The Stanford Education Experiment Could Change Higher Learning Forever - nigma
http://www.wired.com/wiredscience/2012/03/ff_aiclass
======
dlo
I want to address the following quote from the article: "During the fall term,
the Stanford students taking CS221 preferred watching the KnowLabs videos.
Thrun says this improved their performance."

I took the official Stanford offering this past fall. I am not a Stanford
student (anymore), but I enrolled as part of SCPD. As a result of the official
course starting two weeks earlier than the public offering, the course staff
usually didn't post up the YouTube videos in time for me to do the
assignments, so I relied primarily on the lectures. (Actually, as a distance
student, I relied upon the lecture recordings.)

I eventually did catch up on the YouTube videos, and I can attest that they
are indeed better. However, they produced superior results mainly because they
covered more material. For example, in one case, I did over two pages of
error-prone calculations because I didn't know the mathematical shortcut that
was taught in the YouTube videos. And I gasped as the professors spelled out
in detail how to do problems that I had to think hard about how to do. Indeed,
one problem that I was pleasantly challenged by on the midterm was simply not
covered in lecture; in contrast, the professors explained it tutorial-style on
YouTube.

Using the terminology of the course, I would say that the YouTube videos
"overfitted" to the homework and exam problems -- so of course the students
preferred the videos!

I do suspect that short, interactive, and extremely polished videos will be
proven to be better in most cases, but unfortunately this experiment cannot be
used as a basis for forming that conclusion. Clearly, the lectures were
handicapped.

And to be honest, I am skeptical of how videos would perform against some of
the tremendously excellent lectures out there, such as the introductory
computer science lectures that are posted at Stanford Engineering Everywhere.

With all this said, I had a great deal of fun taking this course.

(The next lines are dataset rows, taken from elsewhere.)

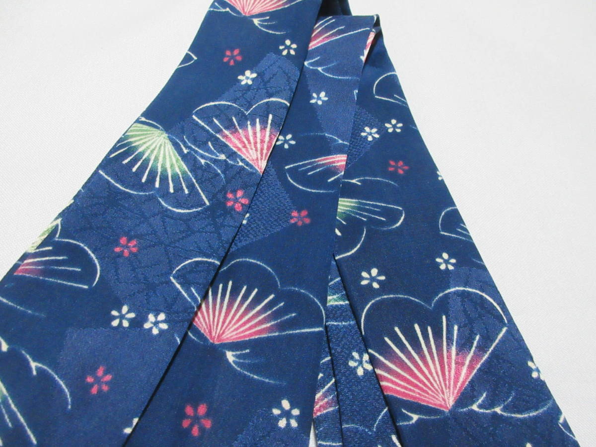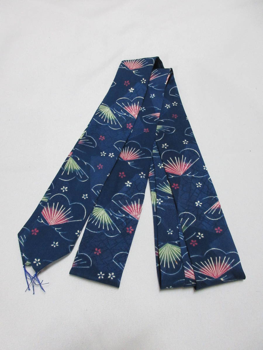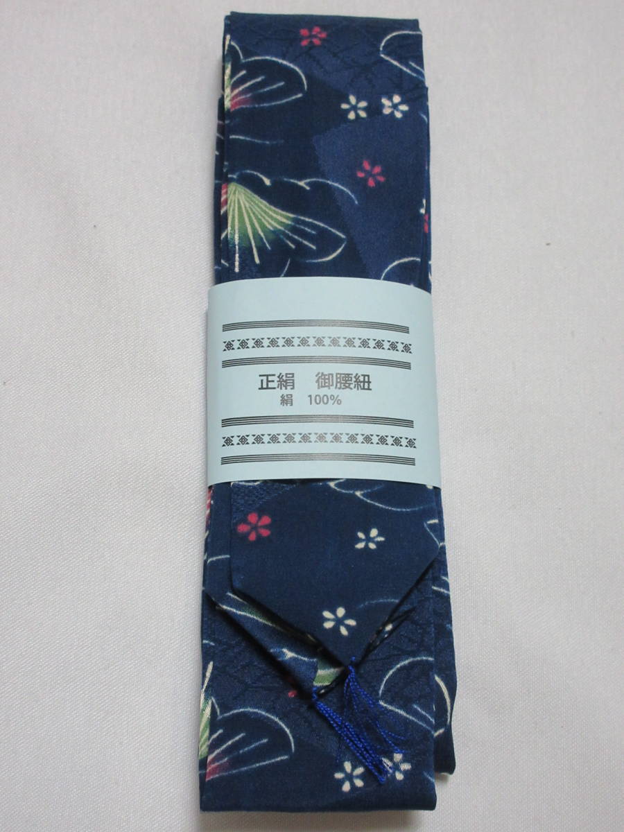 〇創作品 お洒落な腰紐 正絹 腰紐 襷(たすき)  長さ2.25m 巾 約5.0㎝ 紺地 ド0025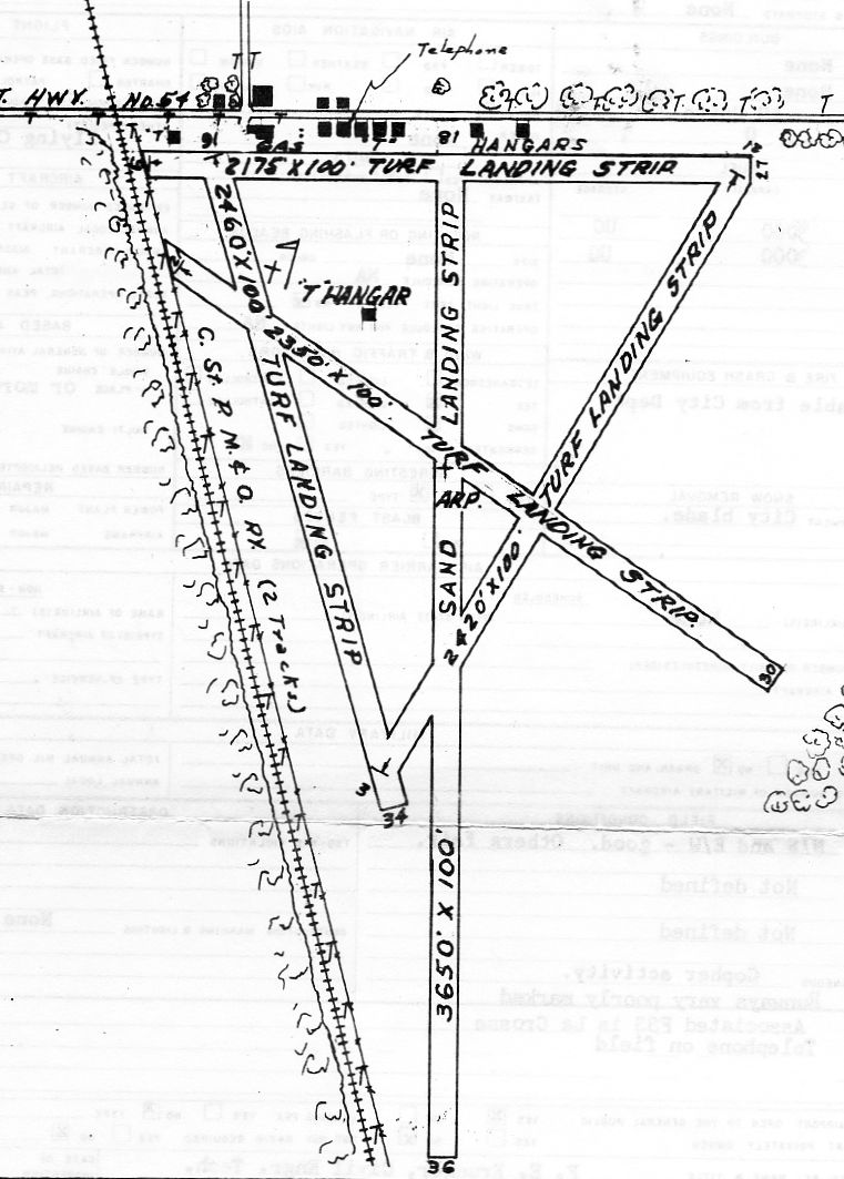 It depicted “Sparta Landing Field” as occupying a triangular patch of land, with 3 small buildings on the northwest corner.
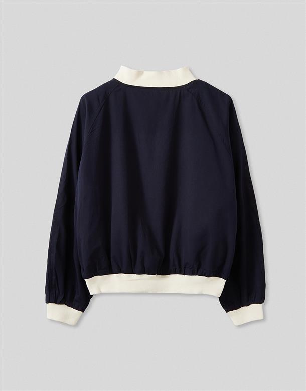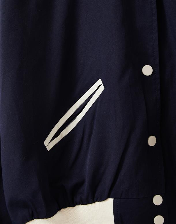 輕薄斜紋棉面料,有內裡質感佳,版型寬鬆,簡約撞色設計,胸前配色刺繡
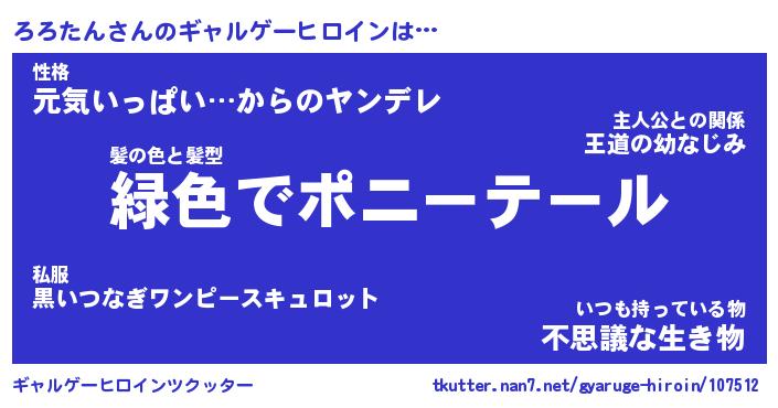| ヘコむあだ名 | 『ろろにー』『なまこ酢』『ろろっぺ』 |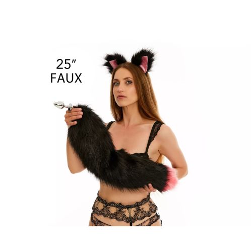 Анальний хутряний пухнастий хвіст без пробки Чорний з яскраво-рожевим кінчиком OKOVA 600 мм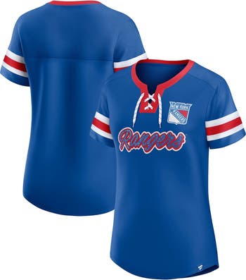 FANATICS Women's Fanatics Blue New York Rangers Iconic Athena Lace-Up T-Shirt, Alternate, color, Blue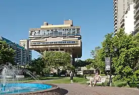 Una tercera obra es el edificio en Montevideo 1406, que hizo junto a Francisco Bullrich y Alberto Casares, frente a la plaza Vicente López, con 21 pisos. Se jugó con la grilla estructural vista y los paños ciegos de ladrillo visto y carpinterías de piso a techo. En la planta baja hay locales comerciales vidriados a modo de basamento.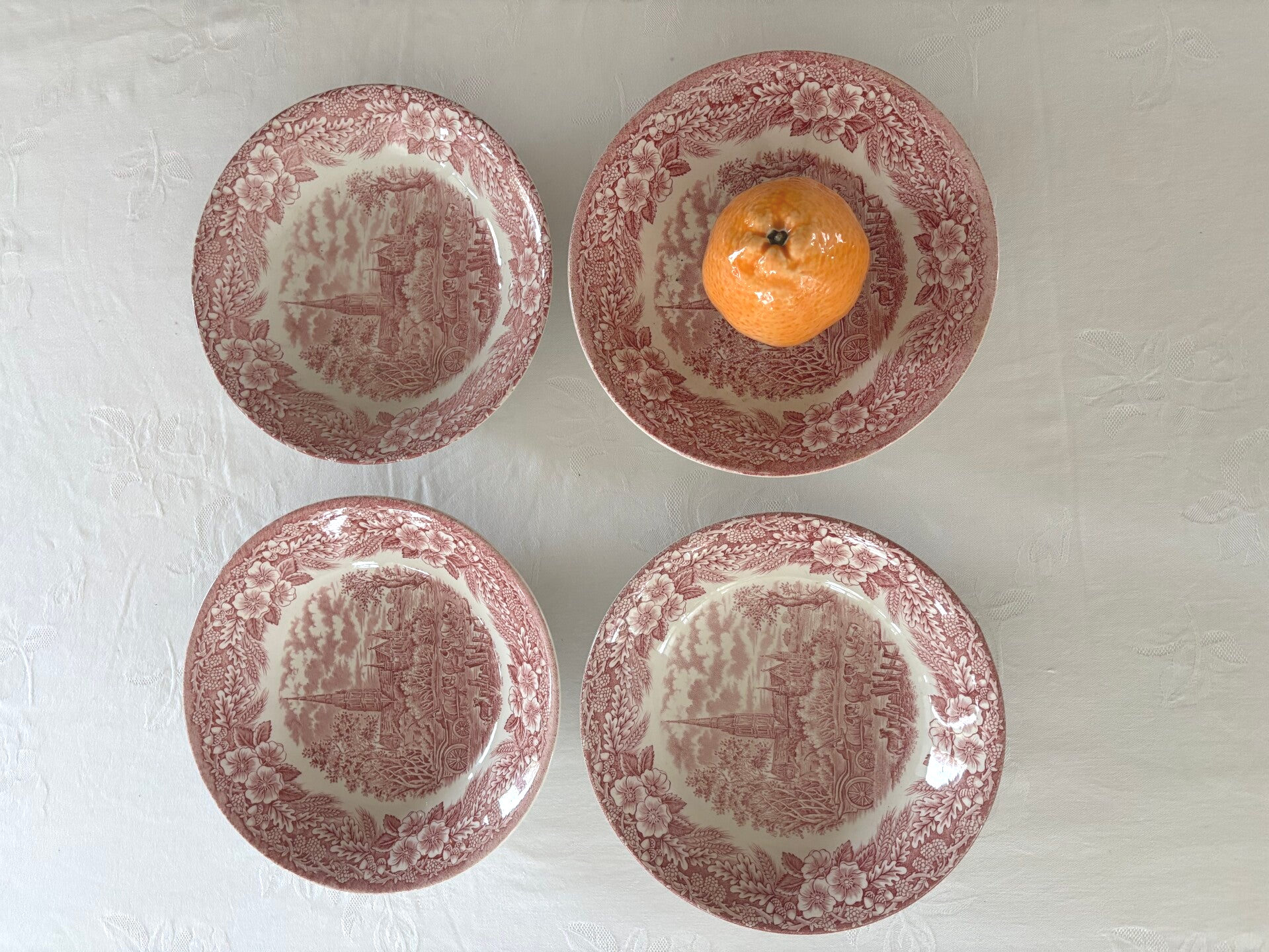 Elegante set van vier grote Ironstone kommen van Broadhurst Staffordshire, opgericht in 1847. Klassiek en tijdloos, met een diameter van 20 cm. Mooi als serviesstuk of decoratief element op tafel.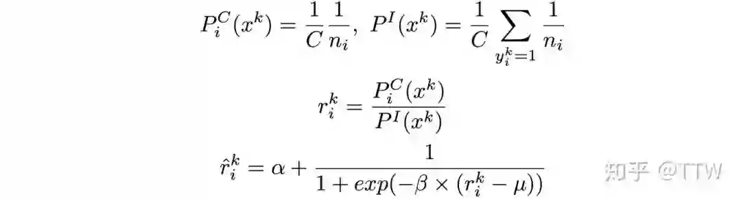 并以其作为加权系数加入训练,来弥补期待与实际采样概率之间的差距。特别的,我们还设计了一个平滑函数,将权重系数映射到一个合理范围内。权重系数的计算过程如下所示。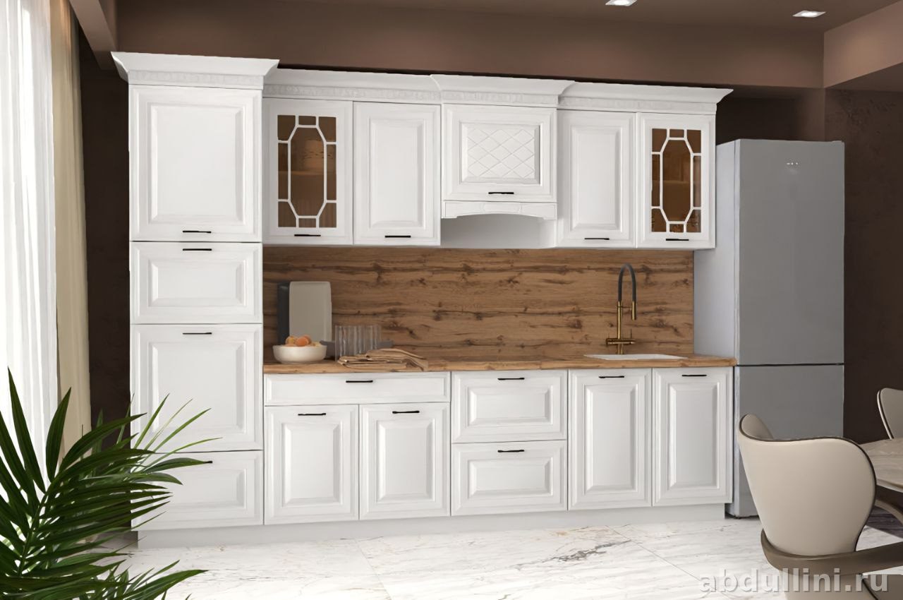 Кухонный гарнитур «Мариам» — это функциональное и стильное решение для вашей кухни. В комплект входят напольные и навесные шкафы, встроенная вытяжка и двухкамерный холодильник. Фасады выполнены в белом матовом цвете, что добавляет гарнитуру сдержанности и благородства. Декоративная фрезеровка на фасадах и стеклянные вставки с геометрическим узором в навесных шкафах подчеркивают изысканность дизайна.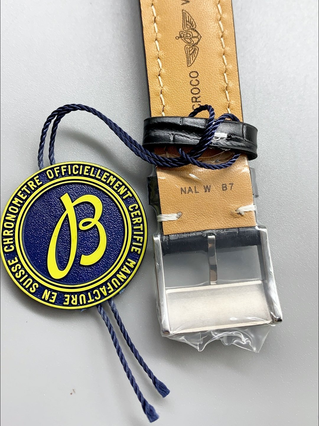 Genuine Leather Leather Strap with Stainless Steel Tang Buckle complete with Breitling Markings and Engravings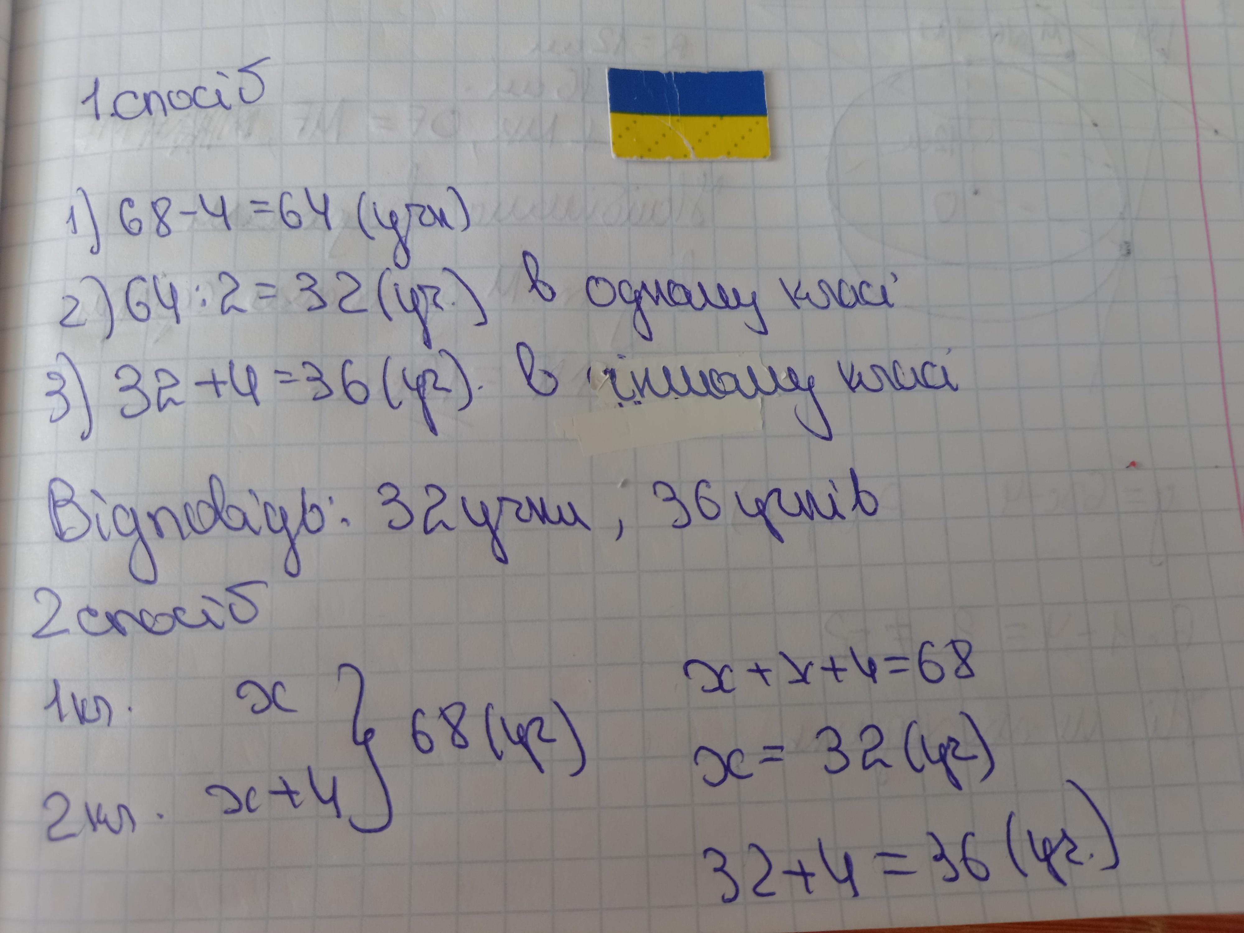 Завдання з логічним навантаженням у двох класах 68 учнів в одному класі на 4 учні більше ніж в іншому скільки учнів у кожному класі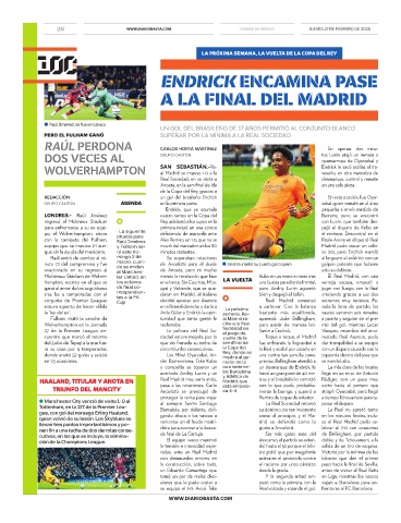 27 de la Premier League, en- La pólvora del Real So- Sociedad en llante a Endrick. Vázquez, recambio del amo-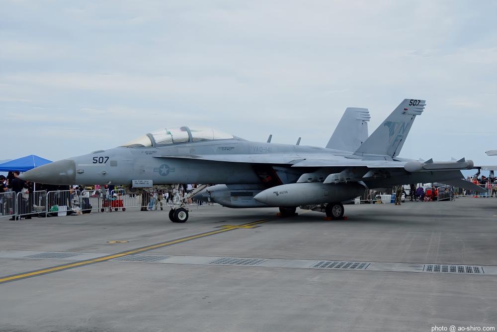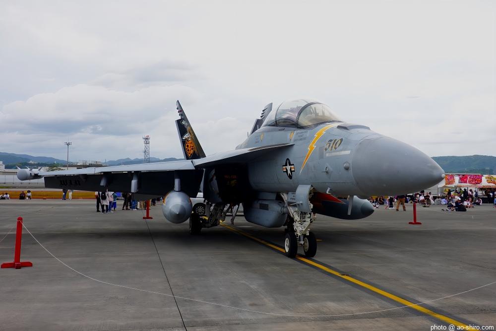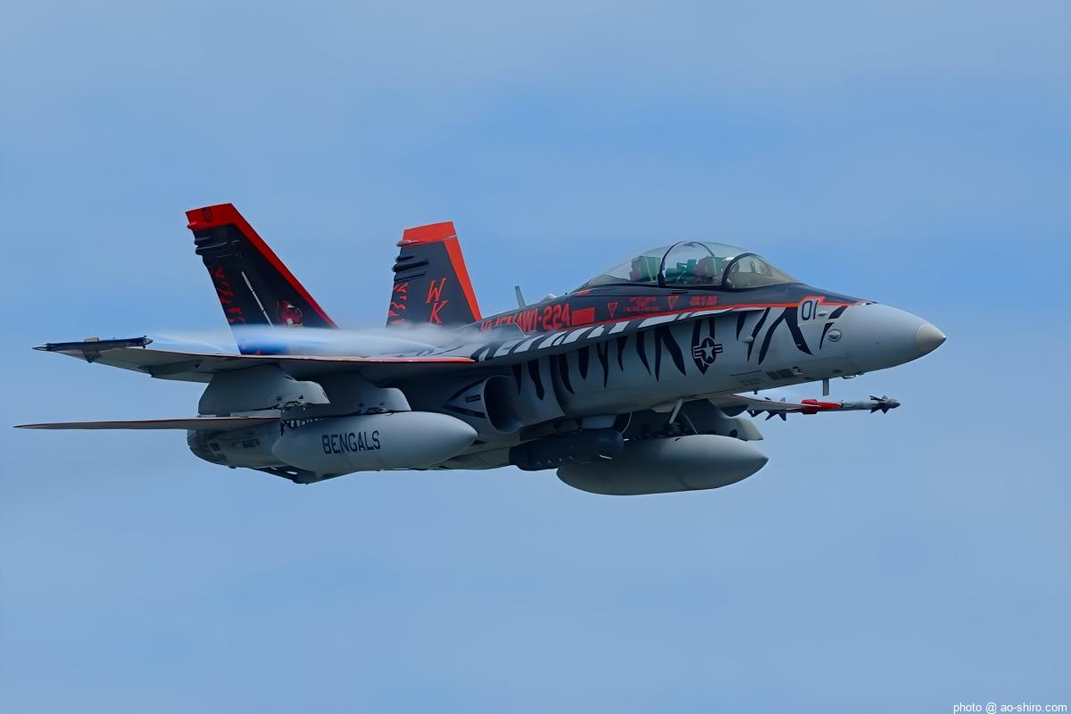 なお、あとで調べて知ったのだが、” ファイティング・ベンガルズ ” は、今年の 3月から半年間、期間限定で岩国に派遣されているとのこと。そのタイミングでFD24が開催され、この独特のカラーリングのF/A-18Dを見る/撮ることができて本当によかったと思う。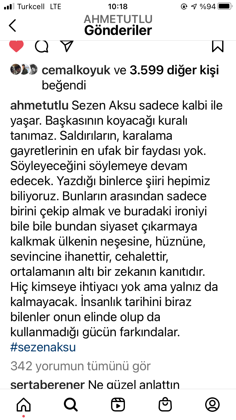 Sezen Aksu sadece kalbi ile yaşar. Başkasının koyacağı kuralı tanımaz. Saldırıların, karalama gayretlerinin en ufak bir faydası yok. Söyleyeceğini, söylemeye devam edecek. Yazdığı binlerce şiiri hepimiz biliyoruz. Bunların arasından sadece birini çekip almak ve buradaki ironiyi bile bile buradan siyaset çıkarmaya kalkmak ülkenin neşesine, hüznüne, sevincine ihanettir, cehalettir, ortalama zekanın altı olmanın kanıtıdır. Hiç kimseye ihtiyacı yok ama yalnız da kalmayacak. İnsanlık tarihini biraz bilenler onun elinde olup da kullanmadığı gücün farkındalar.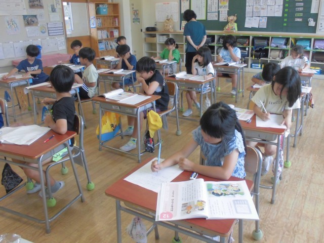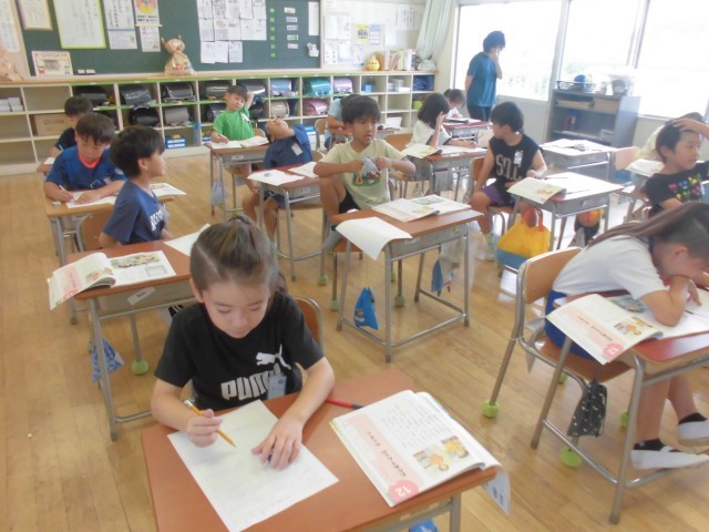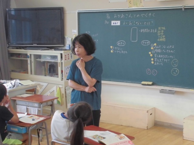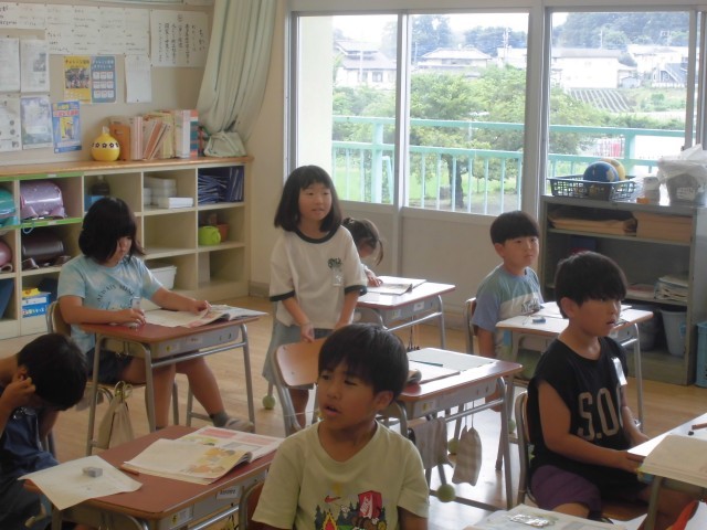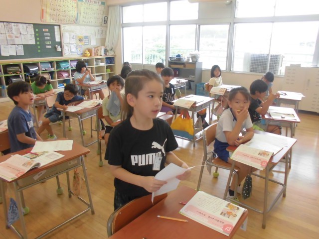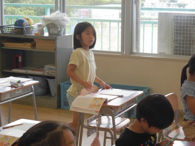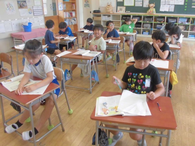 自分の意見をしっかりとワークシートに書いてから、先生の問いに次々に答えていきます。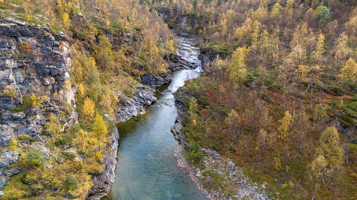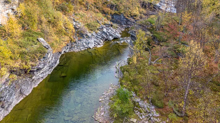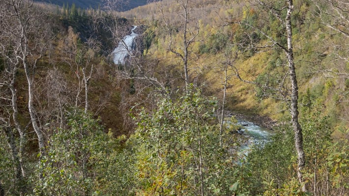 Die Fahrt dorthin umfasst nur 150Km. Unterwegs machen wir wieder mal einen Einkaufsstopp. Leider können wir unsere Weinvorräte nicht ergänzen. Viele der Vinmonopolets in den kleiner Orten haben nur Do. - Sa. offen. So haben wir nun Pech gehabt. Die Fahrt verläuft wieder gemächlich. Es hat mit Ausnahme des kurzen Stücks auf der E6 kaum Verkehr. Einen kurzen Stop haben wir beim Wasserfall Rovijoen Putous eingelegt.

I applaud
the course staff for doing a stellar job, and I am grateful to be part of what
I am certain will be a historical experiment.

------
vixen99
'Only 10 institutions in the world delivering higher education'?

Not unless universities abandon the teaching of history, literature,
philosophy, politics, economics, whatever etc., or perhaps Thrun is thinking
they'll be a gigantic leap forward in developing machine intelligence able for
instance to assess students' essays in these subjects. If anyone's seen the
slightest evidence that this might happen I'd be more than interested to see
it.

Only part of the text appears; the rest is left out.